REQUIRED WORK | Nothing in the entries may change when you repeat them, and no images may appear.

Source data

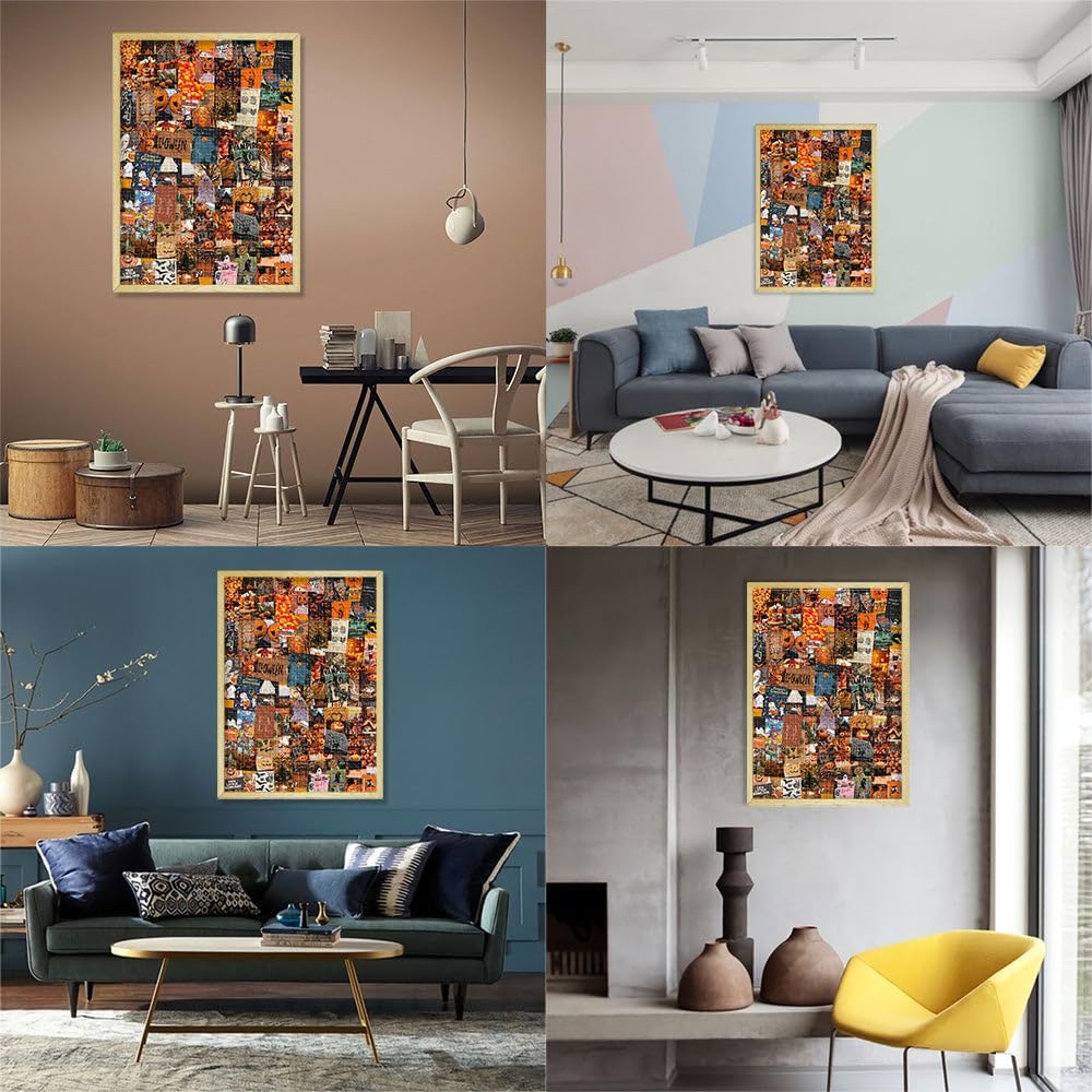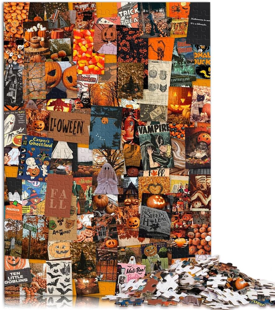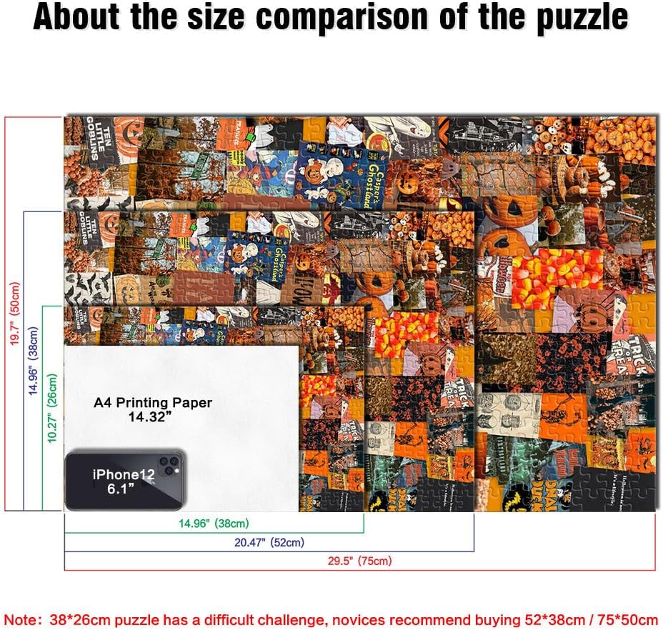 Puzzle da 1000 pezzi per adulti Patchwork di zucche di Halloween Fatto di legno da 14 anni in su Difficile da completare ma divertente e umoristico Grande regalo misurare:50x75cm
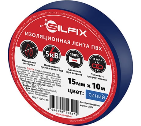 Отзыв Лента изоляционная Sila SILFIX ПВХ, 15 мм, 10 м, цвет синий, 1 шт. SILFIX_1510blue
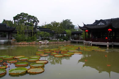 沿戲鵝池往東走,戲鵝池的北面是一三面臨水船型建筑,為石舫,又名不系舟,建于明代。原為園主的書畫舫,前艙后樓,花窗曲檻,艄樓高聳,有祝允明題額"不系舟"三字。后遭毀壞,由清代名醫(yī)和鴻舫重題,舟上有清末進(jìn)士廖壽豐撰書的一副對(duì)聯(lián):“十分春水比檐影;百葉蓮花七里香!
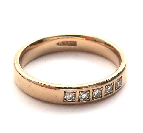 Ring af 14 kt guld, prydet med 5 brillantslebne diamanter på tilsammen ca. 0,15 ct. Ring Str. 58., samlet vægt ca. 5 gr.
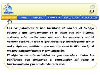 Este documento presenta una actividad sobre los periféricos de computadoras. Los estudiantes se dividirán en grupos para investigar y responder preguntas sobre qué es una computadora, tres periféricos de entrada y salida, los aportes de las computadoras al desarrollo humano y los periféricos más utilizados. Luego enviarán un informe por correo electrónico evaluado según la responsabilidad, aporte, creatividad y presentación. El objetivo es que comprendan los beneficios de las computadoras y sus componentes.
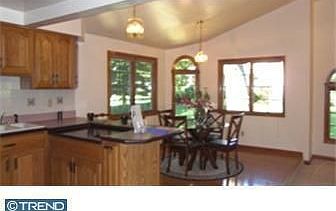 Bigger Than It Looks! New Price! Great expanded Split Level on nicely landscaped corner property. Wonderful step down Family Room addition with cathedral ceiling, stone fireplace, and door to large Deck. Bright Breakfast Room addition with wrap around windows. Redone Kitchen with wood cabinets, Peninsula for serving, and newer appliances. Three Bedrooms and tile Bath on main Bedroom level. Separate Master Suite on top level. Lots of closet space. Lower level has a second Family Room or Home Office, Laundry Room, Powder Room, and doors to Yard and 1 car Garage. Wonderful neighborhood close to train and schools. One year home warranty! Don't miss it!
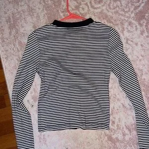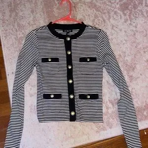 Chic navy and white striped sweater by J. Crew. Accented with gold button detail.
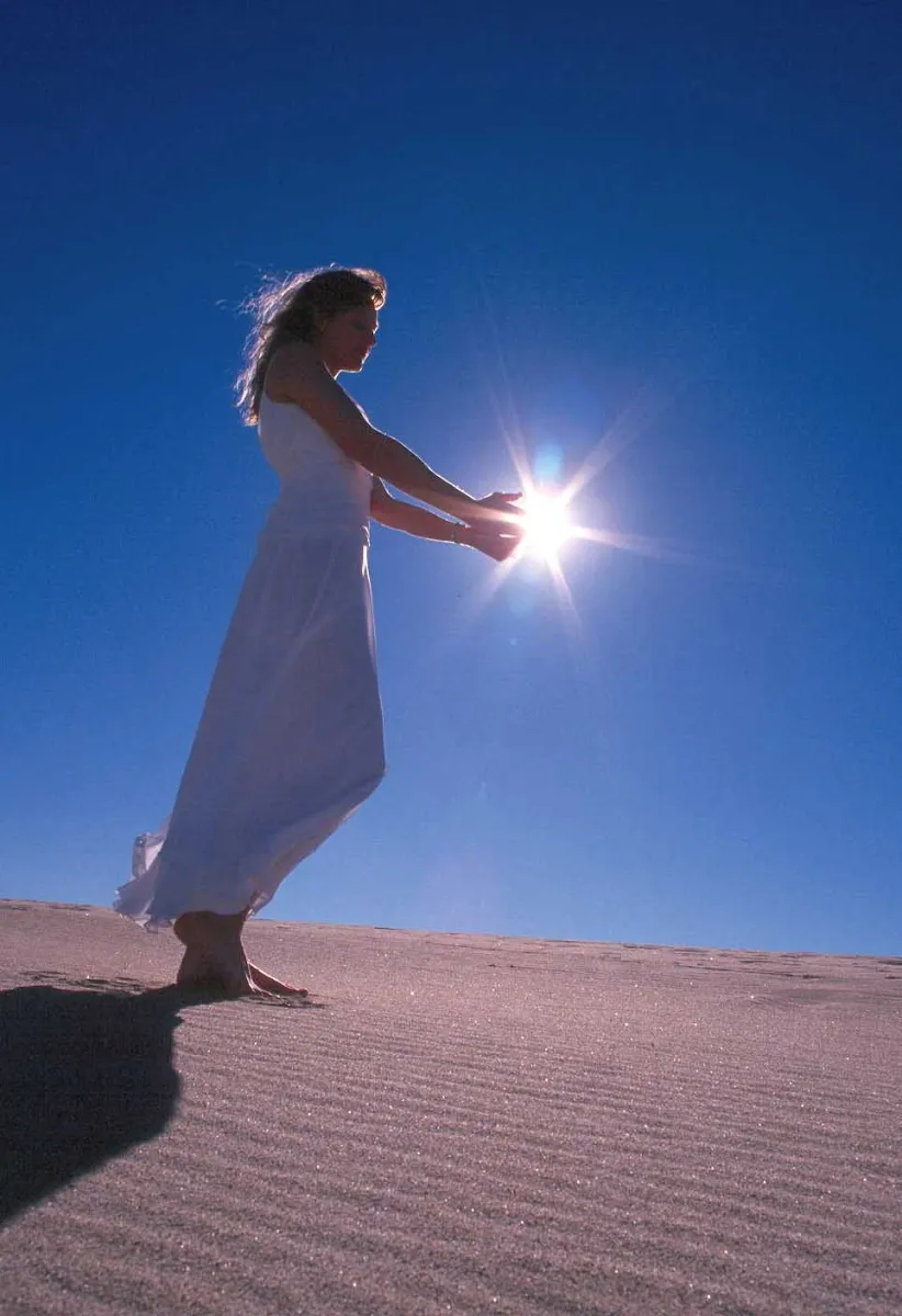 This is a picture of my wife taken in California. We had a lot of fun taking it to see if we could get the sun in just the right location to make it appear she is catching it.
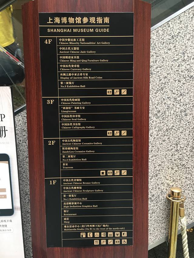 上海博物馆导览图,我一看这个导览图心中就有疑问怎么没有讲历史的展馆呢,后来听讲解员说才知道上海博物馆其实是艺术博物馆,还有个历史博物馆就在上海博物馆的旁边。
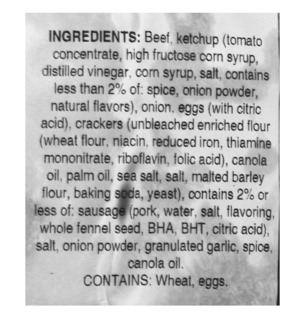 Beef, Ketchup (Tomato Concentrate, High Fructose Corn Syrup, Distilled Vinegar, Corn Syrup, Salt, Contains Less than 2% of: Spice, Onion Powder, Natural Flavors), Onion, Eggs (with Citric Acid), Crackers (Unbleached Enriched Flour [Wheat Flour, Niacin, Reduced Iron, Thiamine Mononitrate, Riboflavin, Folic Acid], Canola Oil, Palm Oil, Sea Salt, Salt, Malted Barley Flour, Baking Soda, Yeast), Contains 2% or Less of: Sausage (Pork, Water, Salt, Flavoring, Whole Fennel Seed, BHA, BHT, Citric Acid), Salt, Onion Powder, Granulated Garlic, Spice, Canola Oil Contains: Wheat, Eggs
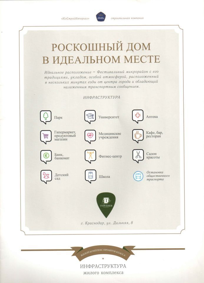 Развитая инфраструктура: кафе, рестораны, фитнес клубы, торговые центры, лучшие клиники в городе, супермаркеты, магазины, аптеки, прогулочные зоны, двор, оборудованный детскими площадками, подземный и наземный паркинги, консьерж и охрана, камеры видеонаблюдения.

FINAL ANSWER |
 Puzzle da 1000 pezzi per adulti Patchwork di zucche di Halloween Fatto di legno da 14 anni in su Difficile da completare ma divertente e umoristico Grande regalo misurare:50x75cm
 Отзыв Лента изоляционная Sila SILFIX ПВХ, 15 мм, 10 м, цвет синий, 1 шт. SILFIX_1510blue
 沿戲鵝池往東走,戲鵝池的北面是一三面臨水船型建筑,為石舫,又名不系舟,建于明代。原為園主的書畫舫,前艙后樓,花窗曲檻,艄樓高聳,有祝允明題額"不系舟"三字。后遭毀壞,由清代名醫(yī)和鴻舫重題,舟上有清末進(jìn)士廖壽豐撰書的一副對(duì)聯(lián):“十分春水比檐影;百葉蓮花七里香!
 Ring af 14 kt guld, prydet med 5 brillantslebne diamanter på tilsammen ca. 0,15 ct. Ring Str. 58., samlet vægt ca. 5 gr.
 Este documento presenta una actividad sobre los periféricos de computadoras. Los estudiantes se dividirán en grupos para investigar y responder preguntas sobre qué es una computadora, tres periféricos de entrada y salida, los aportes de las computadoras al desarrollo humano y los periféricos más utilizados. Luego enviarán un informe por correo electrónico evaluado según la responsabilidad, aporte, creatividad y presentación. El objetivo es que comprendan los beneficios de las computadoras y sus componentes.
 Bigger Than It Looks! New Price! Great expanded Split Level on nicely landscaped corner property. Wonderful step down Family Room addition with cathedral ceiling, stone fireplace, and door to large Deck. Bright Breakfast Room addition with wrap around windows. Redone Kitchen with wood cabinets, Peninsula for serving, and newer appliances. Three Bedrooms and tile Bath on main Bedroom level. Separate Master Suite on top level. Lots of closet space. Lower level has a second Family Room or Home Office, Laundry Room, Powder Room, and doors to Yard and 1 car Garage. Wonderful neighborhood close to train and schools. One year home warranty! Don't miss it!
 Chic navy and white striped sweater by J. Crew. Accented with gold button detail.
 This is a picture of my wife taken in California. We had a lot of fun taking it to see if we could get the sun in just the right location to make it appear she is catching it.
 上海博物馆导览图,我一看这个导览图心中就有疑问怎么没有讲历史的展馆呢,后来听讲解员说才知道上海博物馆其实是艺术博物馆,还有个历史博物馆就在上海博物馆的旁边。
 Beef, Ketchup (Tomato Concentrate, High Fructose Corn Syrup, Distilled Vinegar, Corn Syrup, Salt, Contains Less than 2% of: Spice, Onion Powder, Natural Flavors), Onion, Eggs (with Citric Acid), Crackers (Unbleached Enriched Flour [Wheat Flour, Niacin, Reduced Iron, Thiamine Mononitrate, Riboflavin, Folic Acid], Canola Oil, Palm Oil, Sea Salt, Salt, Malted Barley Flour, Baking Soda, Yeast), Contains 2% or Less of: Sausage (Pork, Water, Salt, Flavoring, Whole Fennel Seed, BHA, BHT, Citric Acid), Salt, Onion Powder, Granulated Garlic, Spice, Canola Oil Contains: Wheat, Eggs
 Развитая инфраструктура: кафе, рестораны, фитнес клубы, торговые центры, лучшие клиники в городе, супермаркеты, магазины, аптеки, прогулочные зоны, двор, оборудованный детскими площадками, подземный и наземный паркинги, консьерж и охрана, камеры видеонаблюдения.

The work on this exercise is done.